These techniques and some others are being applied by the Argentinian company Orlando Refrigeration, which is dedicated to industrial refrigeration and was founded in 1932 by the grandfather of Engineer Alfredo Orlando. Since 1996, they have been working together with the Dutch VDH, but also with other companies in the Netherlands, Chile, Peru, etc., always trying to help producers obtain the best quality fruit during the export season.
For its part, VDH is a Dutch company that is dedicated to the manufacture of electronic controllers for many industries. It is also devoted to the design and enforcement of specific controls for refrigeration, ripening and fruit degreening. One of these controls is called PROBA 5, which allows to regulate the entire degreening and ripening process in their stores.
Some processes need to be kept under control
These processes are very meticulous and involve regulating temperatures cold and hot, gas concentration of ethylene and CO2, controlling these two gases is essential to achieve a good degreening or maturing , humidity, variable ventilation and pressure, gas extraction in accordance with the requirements of its customers. Eliminating green mold (Penicillium digitatum) and blue mold (Penicillium italicum) - Blue mold
One of the systems that is being used to ensure that citrus fruits are kept in perfect condition entails the application of ozone. Its microbicidal action acts on the citrus, improving the fruit's permeability and stopping infecting agents.

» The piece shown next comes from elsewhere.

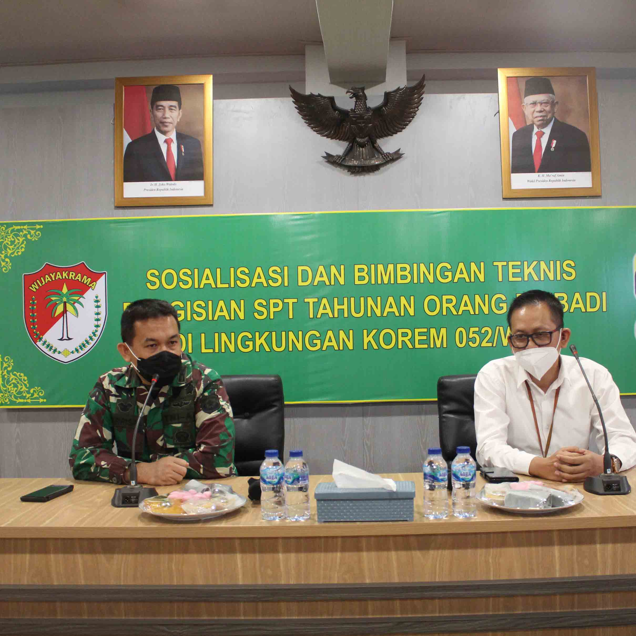 Kegiatan tersebut diawali dengan pertemuan Kepala Kantor Wilayah (Kanwil) Direktorat Jenderal Pajak (DJP) Banten Dionysius Lucas Hendrawan dengan Komandan Korem 052 Brigjen TNI Purwito Hadi Wardhono dalam rangka pekan panutan SPT Tahunan 2021.

It also eliminates the ethylene gas C2H4 degrading, this gas is the cause of the deterioration of the fruit. Ozone is fast and effective in the elimination of bacteria, viruses, fungi and spores. It has a deodorizing action, tackling the cause of the problems without adding any other smells. Also, its oxygenating action contributes to improving the efficiency of the cells of organisms by stimulating several enzymes involved in these processes.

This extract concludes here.